Manitowoc ( MTW - Get Report) manufactures and markets cranes and related products, food service equipment and marine products. It has been rated a buy since November 2005. The company's strengths can be seen in multiple areas, such as its robust revenue growth, impressive record of EPS growth, compelling growth in net income, notable return on equity and solid stock price performance. These strengths should outweigh the fact that the company's profit margins are low. Third-quarter earnings increased 51% on the year to $75.9 million, or 59 cents a share, and revenue climbed 29% to $1.01 billion. Manitowoc raised its guidance for full-year 2007 earnings to $2.55 to $2.60 a share, up from an earlier forecast of $2.45 to $2.50 a share.
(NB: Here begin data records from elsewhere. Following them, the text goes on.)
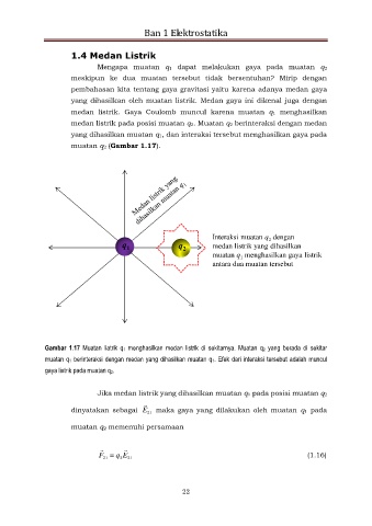 Gambar 1.17 Muatan liatrik q1 menghasilkan medan listrik di sekitarnya. Muatan q2 yang berada di sekitar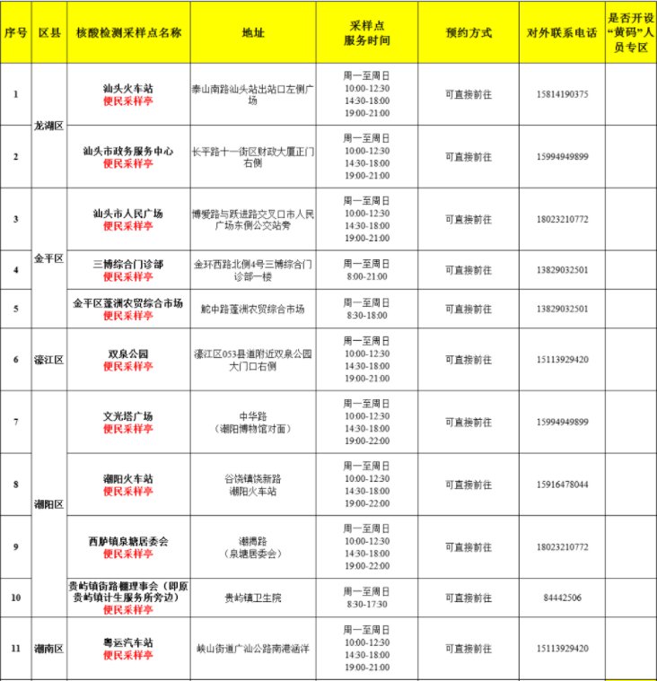 ➤汕头市便民核酸检测采样点: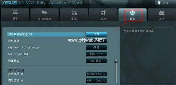 2、切換到啟動(dòng)選項(xiàng)節(jié)目,進(jìn)入之后即可看到啟動(dòng)菜單。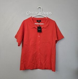 TAG: hanifa polo button down knit shirt cardigan red orange flame black owned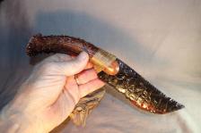 This beautiful and very unique knife is 10 3/4 inches long measured straight and this nice blade has been knapped out of a nice midnight lace and red obsidian. This handle is a very nice black tail deer antler. This is such a nice knife and would certainly stand out in any knife or flint knapping collection. The blade has been hafted to the antler handle with resins and artificial sinews and a paw print is painted on the butt of the handle.

This stock has surged over the past year and while it is now somewhat expensive compared to the rest of its industry, Manitowoc's other strengths justify the higher price levels. Airgas ( ARG), which distributes industrial, medical and specialty gases, and welding, safety and related products, has been rated a buy since December 2005. The company's strengths can be seen in several areas, such as its robust revenue growth, reasonable valuation levels, solid stock price performance, impressive record in EPS growth and net income. These strengths outweigh the fact that the company has had generally poor debt management on most measures evaluated by TheStreet.com Ratings. Fiscal-year second-quarter profit increased 28% to $50.6 million, or 60 cents a share. Airgas said it expects in its third fiscal quarter earnings to rise. The company has demonstrated a pattern of EPS growth over the past two years and TheStreet.com Ratings feels that this trend should continue. The company's stock has risen sharply over the past year, and it should continue to move higher Our quantitative rating is based on a variety of historical fundamental and pricing data and represents our opinion of a stock's risk-adjusted performance relative to other stocks. However, the rating does not incorporate all of the factors that can alter a stock's performance. For example, it doesn't always factor in recent corporate or industry events that could affect the stock price, nor does it include recent technology developments and competitive dynamics that may affect the company. For those reasons, we believe that a rating alone cannot tell the whole story and that it should be part of an investor's overall research.